Oracle Database Appliance X6-2-HA, X5-2, X4-2, X3-2, and V1 with guest virtual machines that use multiple VLANS and VDISKS.

Workaround

Oracle Database Appliance X6-2-HA and X5-2 Dom0 use grub2. For these models, perform the following to set the gnttab_max_frames to 256 on dom0 of both nodes:

Increase the gnttab_max_frames in the update /etc/default/grub file by changing the following line:

GRUB_CMDLINE_XEN="dom0_mem=max:4096MM allowsuperpage crashkernel=256M@64M extra_ guest_irqs=256,2048 nr_irqs=2048 dom0_vcpus_pin dom0_max_vcpus=20"

GRUB_CMDLINE_XEN="dom0_mem=max:4096MM allowsuperpage crashkernel=256M@64M extra_ guest_irqs=256,2048 nr_irqs=2048 dom0_vcpus_pin dom0_max_vcpus=20 gnttab_max_frames=256"

Create a new configuration file based on the changes.
```
grub2-mkconfig -o /boot/grub2/grub.cfg 
```
Reboot.
Repeat the process on Dom0 of the second node.

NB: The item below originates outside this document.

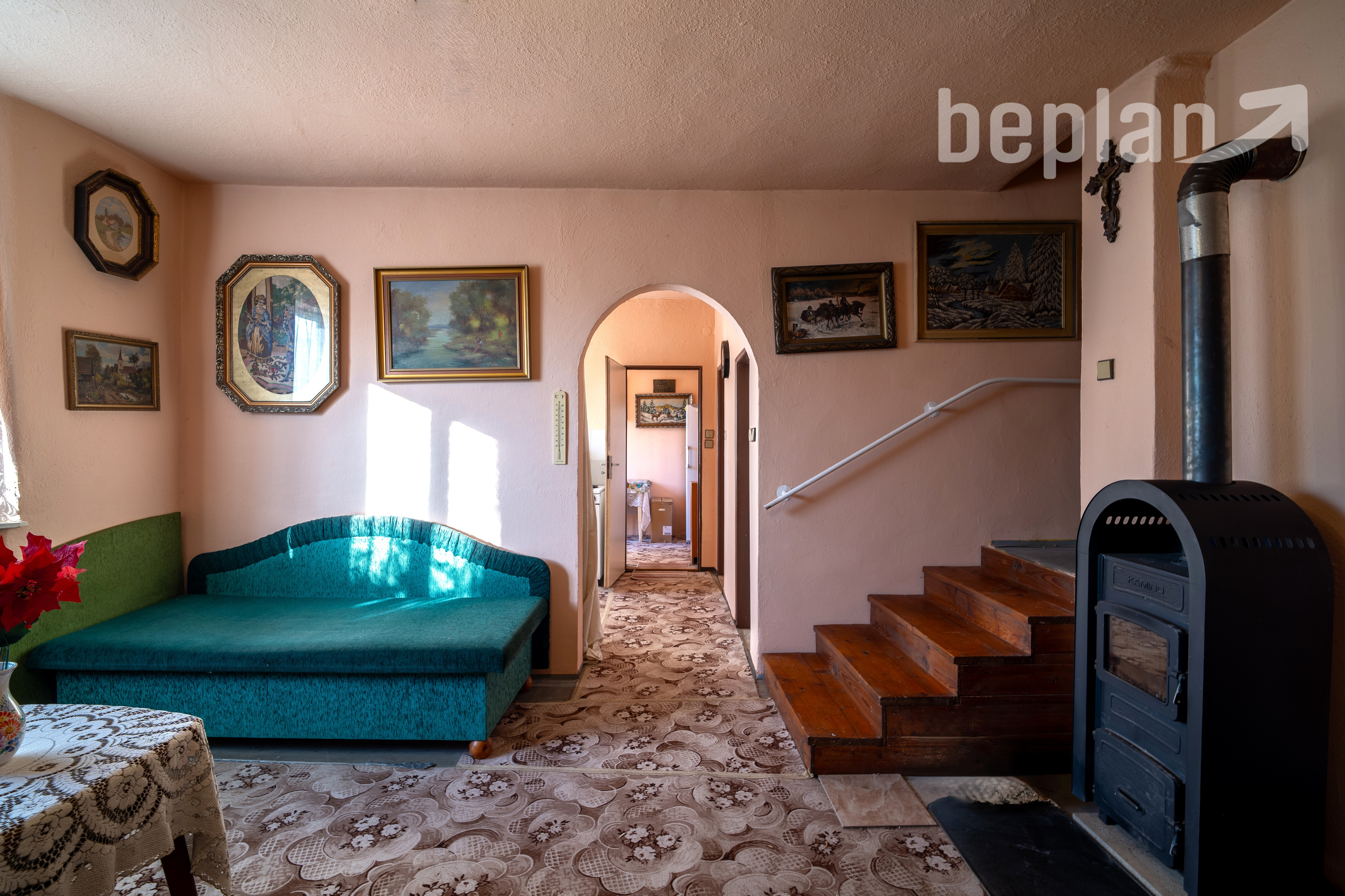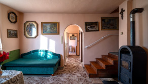 Pri vstupe do nehnuteľnosti sa nachádza chodba, z ktorej sa priamo dostanete do samostatnej špajze. Na pravej strane chodby sa nachádza ďalšia chodba, ktorá rozdeľuje dispozíciu – napravo vedie do kuchyne a naľavo do kúpeľne s WC. O niekoľko krokov ďalej sa nachádza samostatná komora, cez ktorú je vstup do pivnice. Z chodby pokračujete do priestrannej obývacej miestnosti, ktorá je najväčšou miestnosťou v celom dome. Z obývačky vedie menšie schodisko do nepriechodnej miestnosti, vhodnej ako spálňa alebo ďalšia izba.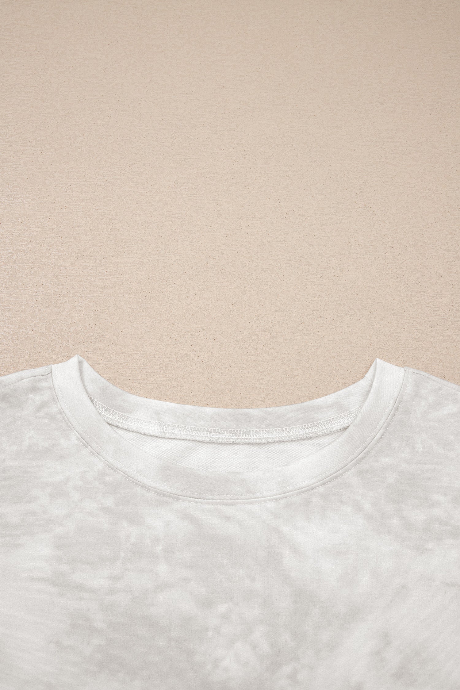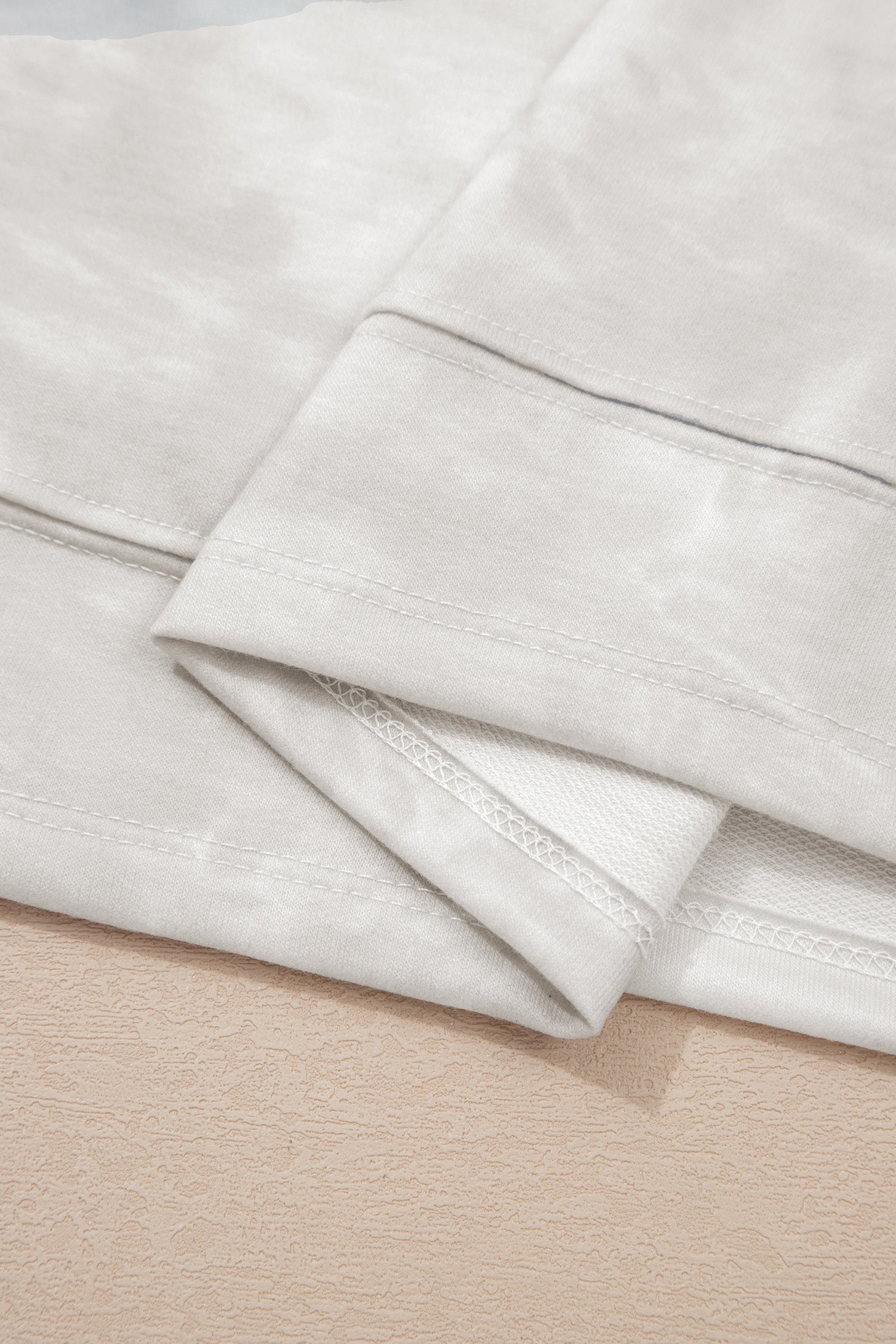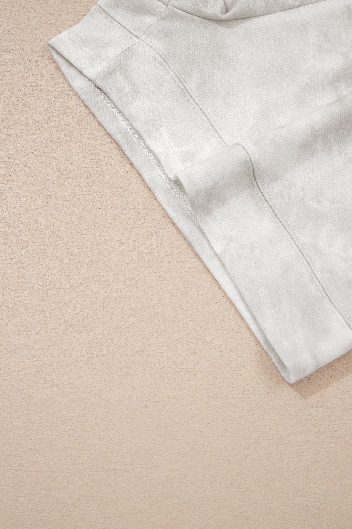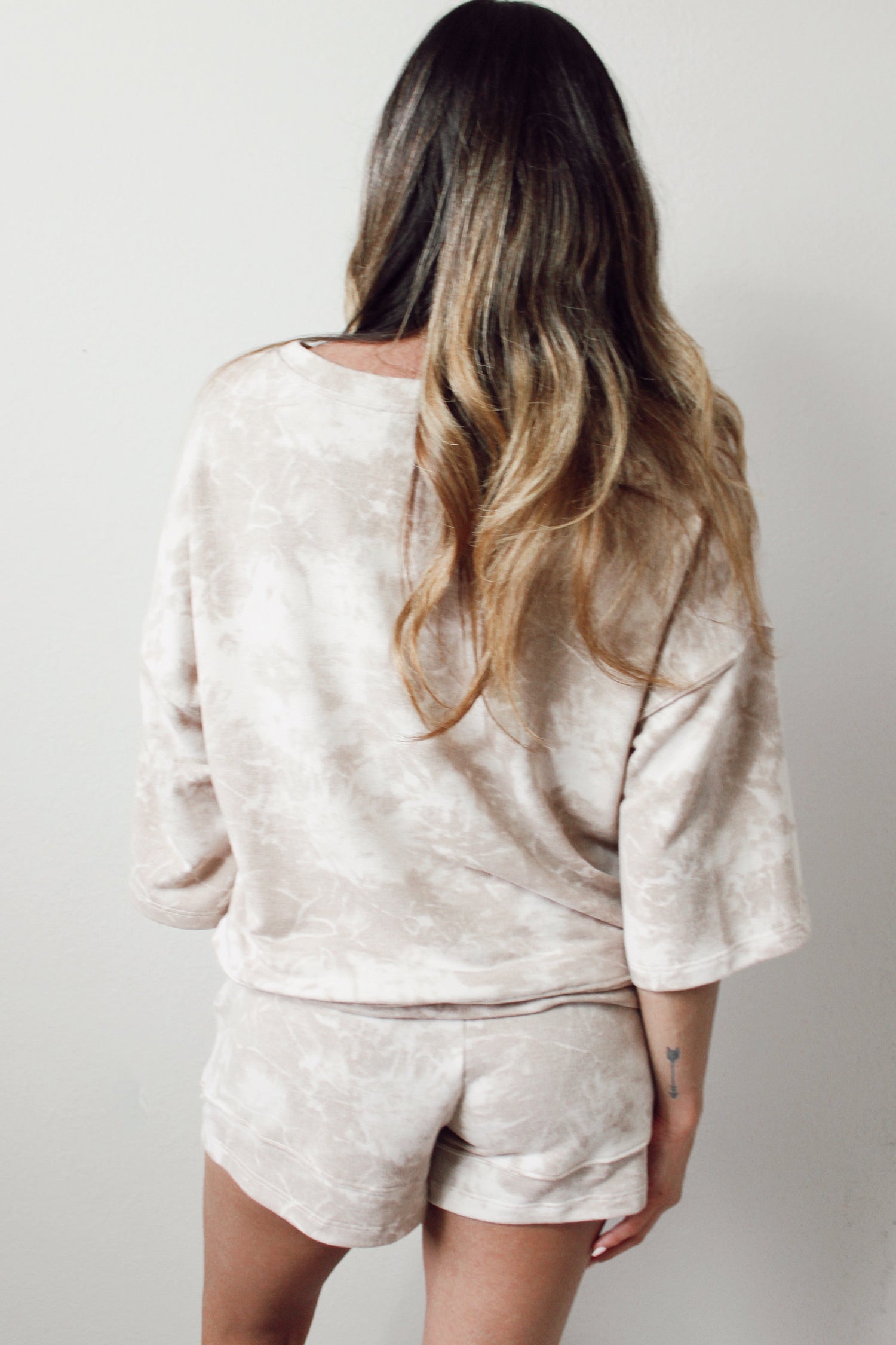 Beige Vintage Tie Dye Bracelet Sleeve Drawstring Elastic Waist 2pcs Short Set

Oracle Database Appliance X4-2, X3-2, and V1 Dom0 uses grub1. For these models, perform the following to set the gnttab_max_frames to 256 in the xen hypervisor on Dom0 of both nodes:

Open the /boot/grub/grub.conf file in Dom0.

Add the line gnttab_max_frames=256 at the xen.gz command line.

For example, change the following line:

kernel /xen.gz dom0_mem=4096M crashkernel=256M@64M

kernel /xen.gz dom0_mem=4096M crashkernel=256M@64M gnttab_max_frames=256

Reboot.
Repeat the process on Dom0 of the second node.

ERROR: ORA-27301 ASM alert error log shows resource problem in the OS

After upgrading to Oracle Database Appliance 12.1.2.11.0, the ASM alert error log shows failed processes due to a resource problem in the operating system.

The failure indicates that buffer space is not available and is caused by High value of MTU for loop back adapter.

Hardware Models

Oracle Database Appliance X6-2-HA, X5-2, X4-2, X3-2, and V1

Workaround

Add the following line in the/etc/sysconfig/network-scripts/ifcfg-lo file.
```
MTU=16436
```
Save the file and restart the network service to load the changes.
```
# service network restart
```
Repeat the process on the second node.